China DDR5 Scalpers Panic as Spot Prices Crash and Inventory Gets Trapped

Falling memory prices are great news for PC builders, but a direct hit to traders who stockpiled DDR5 during the rally. Reports from Shenzhen’s Huaqiangbei market say resellers are now rushing to clear inventory before another wave of markdowns wipes out margins.

Resellers who bought at the top are now in full damage-control mode.

Some new 16GB DDR5 modules that were previously sold around RMB 1,600 to RMB 1,800 are now being quoted much closer to RMB 1,200 in spot channels.

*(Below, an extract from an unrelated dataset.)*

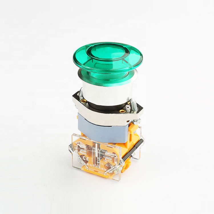 DC24V momentary action mushroom-head push button switches with green latching

That speed of decline has turned what looked like a safe flip into trapped capital for speculative buyers.

For gamers this feels like a return to normal pricing; for scalpers it is a scramble to find exit liquidity before values slip further.

Grey-market channels are taking the first and hardest shock.

This does not look like a total collapse of all memory pricing. It looks more like stress concentrated in fast-turnover reselling networks where thin margins cannot survive rapid repricing.

The steepest drops in China are reportedly happening in secondary-market modules, including pulled and recycled sticks, while branded upstream component pricing remains more stable. In short, speculative channels are absorbing the first wave of pain.

The bubble in opportunistic memory flipping may finally be breaking, and end users are the ones who benefit.

After months of panic buying and hoarding, pricing behavior is starting to normalize. That hurts inventory gamblers, but for mainstream builders across SEA it means upgrade plans are becoming realistic again instead of being delayed by artificial scarcity premiums.